The SG is used as a simulation model
to help formulate scenarios of economic and energy development
for eleven world regions analyzed
by MESSAGE. Its main objective is to allow fast scenario formulation
and documentation of key scenario assumptions, and to provide common,
consistent input data for MESSAGE and MACRO. The SG includes historical
economic and energy time series, and a set of regression equations
that represent key relationships between economic and energy development
that can be used selectively in formulating scenarios. Inputs to
the SG are future population trajectories for eleven world regions
used by ECS’s energy and economic models plus key parameters
determining regional per capita GDP growth. The SG calculates final
energy trajectories for each region by combining the population
and per capita GDP growth trajectories with energy intensity profiles
based on the SG's set of empirically derived equations. To allow
adjustments for different storylines and variants, all important
variables are formulated so that a user can overwrite the values
suggested by the equations of the SG. The historical data and relationships
in the SG provide the user with some guidance for the likely range
of key economic and social variables, and the potential impact
of policies on energy demand, improving the plausibility of possible
scenarios and estimates of policy impacts.

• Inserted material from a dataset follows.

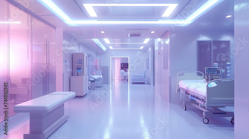 Modern Hospital Set with State-of-the-Art Equipment, Operating Rooms, and Patient Rooms. Concept of Healthcare and Medical Advances.
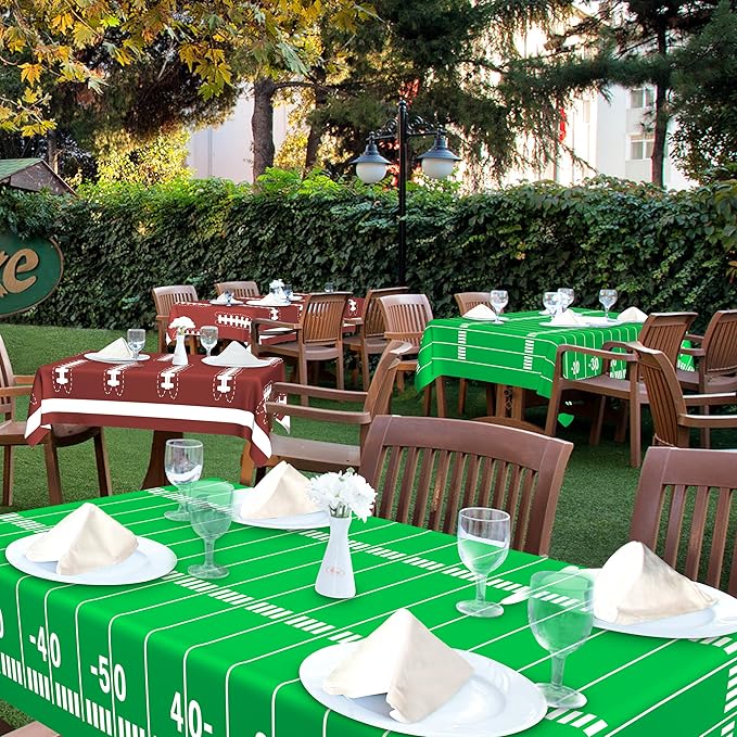 - 【Decorative Tablecloths】Turn any boring table into the centerpiece of your next party, family gathering or event venue with these gorgeous tablecloths. These disposable football party decoration tablecloths are an elegant and practical combination that creates a beautiful and enjoyable atmosphere for your family and friends.

The revised SG will greatly improve the modeling of key relationships
between energy use and economic, social and environmental trends,
based on more sophisticated causal chains. It is anticipated that
the new SG will include many of these features of the current SG,
and will also employ a number of alternative approaches for estimating
future sectoral final energy demand, based on both monetary and
physical characteristics of the global economy, as well as incorporating
updated historical data.
References:
Nakicenovic, N., Grübler, A., and McDonald, A., (ed.), 1998: Global Energy Perspectives,
Cambridge University Press, Cambridge, UK.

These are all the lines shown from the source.